En un mundo unipolar, los intentos de imponer nociones como la de limitación de la soberanía o injerencia humanitaria no favorecen la seguridad internacional y amenazan a los países del Tercer Mundo, que no tienen ejércitos poderosos ni armas nucleares. Tales intentos deben, por tanto, cesar. Violan la letra y el espíritu de la Carta.

Por otra parte, creemos necesaria la defensa, hoy más que nunca, de la Organización de las Naciones Unidas. Defendemos tanto la necesidad de su existencia como la de su democratización. El desafío que se nos plantea es el de reformar las Naciones Unidas para servir por igual a los intereses de todas las naciones.

Defendemos tanto la necesidad de que exista el Consejo de Seguridad, como la de hacerlo más amplio, democrático y transparente. ¿Por qué no ampliar sus miembros permanentes? ¿Por qué no podrían ingresar al menos de dos a tres nuevos miembros permanentes de América Latina, África y Asia, si hoy existen más de tres veces el número de países que fundaron las Naciones Unidas en San Francisco en 1945, y la inmensa mayoría, que son los del Tercer Mundo, no poseen uno solo?

No defendemos, sin embargo, el veto. Creemos que nadie debería tenerlo. Pero si no fuera posible eliminarlo, al menos tratemos de que esta prerrogativa esté más compartida, y aprobemos que todos los nuevos miembros permanentes tengan también derecho al veto. ¿Por qué, si no se puede ahora eliminar el veto, no se restringe a aquellas medidas que se propongan en virtud del Capítulo VII de la Carta?

Un solo país puede hoy anular la voluntad de todos los demás miembros de las Naciones Unidas. Y uno ha ejercido el derecho al veto sin límite alguno infinidad de veces: Estados Unidos. Eso no es sostenible.

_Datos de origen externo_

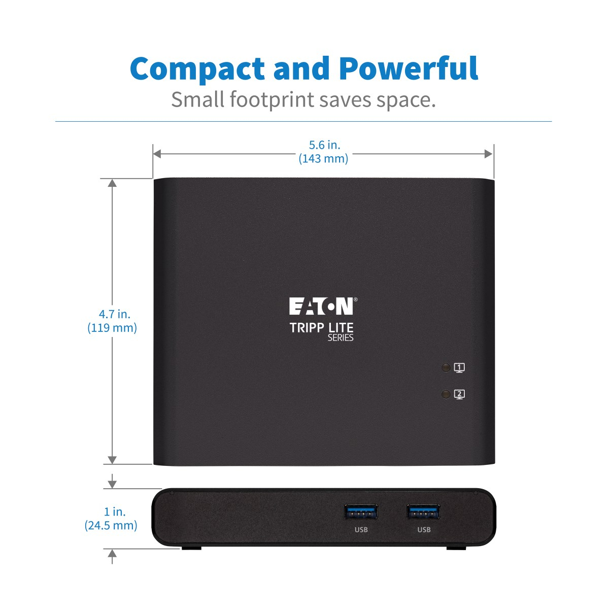 Tripp Lite B003-HC2-DOCK1 Estación de Conexión KVM USB C de 2 Puertos - 4K HDMI, USB 3.2 Gen 1, Hub USB-A, Selector Remoto, Carga PD de 85W, Negro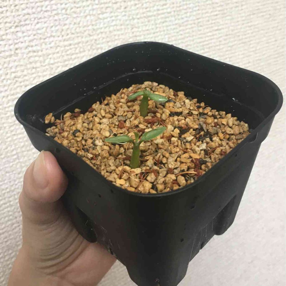 こちらも種まきから1ヶ月経ったパキポディウム。アデニウムと違って根切りもないのでさらっと鉢上げ。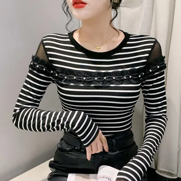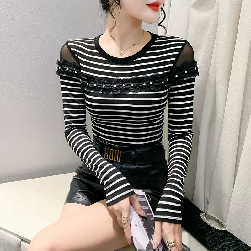 衣都精品- 2023新款海軍風黑白細橫條紋圓領上衣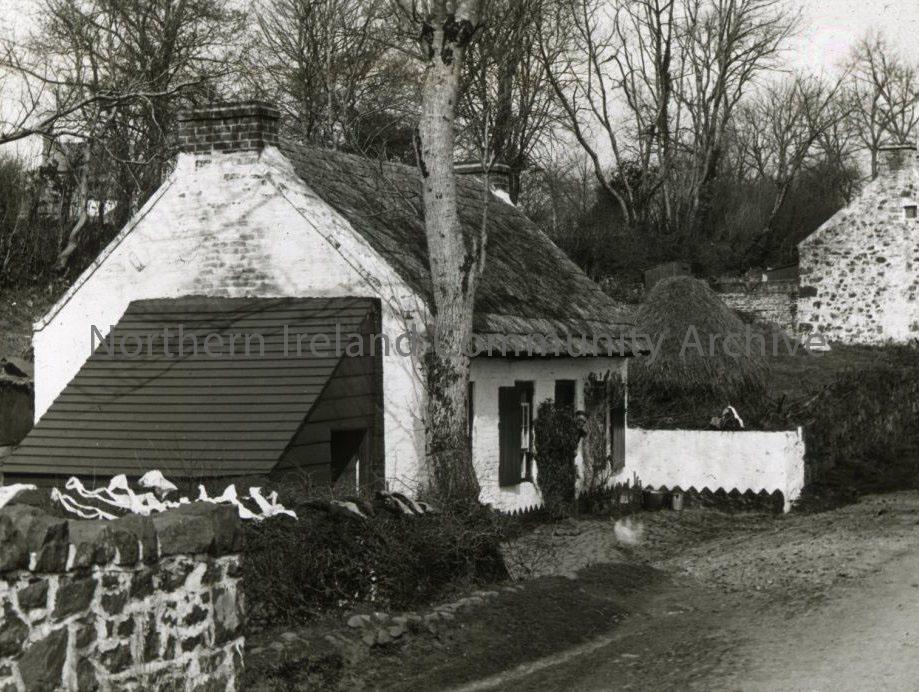 View of white thatched cottage from road front - Buskin Burn. Burnside, Churchlands area of Coleraine - see also same cottage with inhabitants at L:2010:1.417 and also L:2010:1.58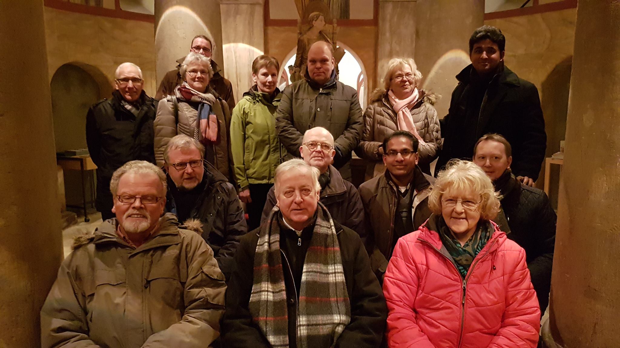 Nach der Ankunft in Rheine, einem Spaziergang durch die historische Innenstadt und dem Besuch des ältesten Bauwerkes der Stadt, der spätgotischen Kath. Stadtkirche St. Dionysius, in mehreren Bauabschnitten nach über 120 Jahren 1520 fertiggestellt, in welcher der ehemalige Telgter Propst von St. Clemens, Heinrich Tietmeyer, seit seinem Eintritt in den Ruhestadt vor 12 Jahren seelsorgerische Dienste verrichtet, stand die Besichtigung der durch ihre Raumwirkung den Eindruck von römischen Katakomben vermittelnde Krypta unter dem Hochaltar der bekannten St. Antonius-Basilika mit einer Fläche von von mehr als 200 qm größten Kirchenkrippe Westfalens, welche seit mehr als 35 Jahren von dem ehemaligen Sakristan der Basilika, Friedel Theismann und 2 weiteren Helfern mit großem Einsatz und viel Herzblut aufgebaut und gestaltet wird, auf dem Programm. Die Gelegenheit zum Besuch dieser weithin beachteten Krippe mit ihren vielfältigen und abwechslungsreichen biblischen Darstellungen wird von Besuchern aus dem gesamten westfälischen Raum genutzt. Der Krippenaufbau beginnt im November eines jeden Jahres – ab Hl. Abend kann die Krippe dann besichtigt werden. Die ältesten der über 100 verschiedenen Krippenfiguren stammen aus dem 19. Jahrhundert – durch Zukäufe wird der Bestand erweitert. Von den einzelnen biblischen Darstellungen waren die Teilnehmer von dem Blick auf die Silhouette Bethlehems mit den weißen Häuserfassaden, die im nächtlichen Sternenlicht scheinbar in sehr weiter Ferne am Horizont erscheint, in Wirklichkeit aber nur 20 Meter entfernt war, am meisten beeindruckt. Mit dem gemeinsamen Singen von Weihnachtsliedern zum Abschluss der Weihnachtlichen Festzeit endete die Führung durch die interessante und abwechslungsreiche Krippenlandschaft. Im Anschluss hieran bestand noch die Möglichkeit, zum Besuch des Pfarrarchivs der Basilika, in dem unter anderem eine große Anzahl von Kunstgegenständen und bildlichen Darstellungen der traditionsreichen Altenrheiner Fußwallfahrt nach Telgte zu besichtigen waren.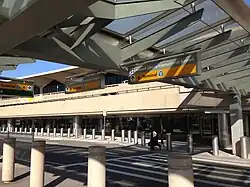Designed by Grimshaw Architects, Terminal A references the modern era design of the "modular concrete structures" of the other two terminals through the use of the latest materials that allow for a larger and more light-filled space.[112][113] The redevelopment offers more traffic lanes at pickup and drop-off points, closer check-in counters and security areas to the entrance, and more gate flexibility to allow planes to park at any gate in a "common-use" system.[107][67] The new Terminal A has four levels: the departures level, the mezzanine level for offices, the arrivals level, and the ground floor, where baggage claim is located.[67] The terminal is operated as EWR Terminal One LLC by Munich Airport International, a subsidiary of Munich Airport, which manages the terminal's operations, maintenance, and concessions in the 1 million square feet of retail space.[114] The redevelopment also comes with plans to replace the existing AirTrain monorail system, scheduled to open in 2029, and was not opened along with the new Terminal A.[67]

En las Naciones Unidas hay que frenar la tentativa de imponernos el pensamiento único, haciéndonos creer que es nuestro, o que es superior a nuestra rica diversidad de culturas y modelos, o que es más avanzado y moderno que nuestras múltiples identidades. Para sobrevivir tendremos que oponernos a que se nos trate como simple periferia euroatlántica, y a que se consideren amenazas globales los problemas que enfrentamos como consecuencia del colonialismo, el subdesarrollo, el consumismo de los países ricos, o incluso como consecuencia de políticas recientes o actuales de estos países.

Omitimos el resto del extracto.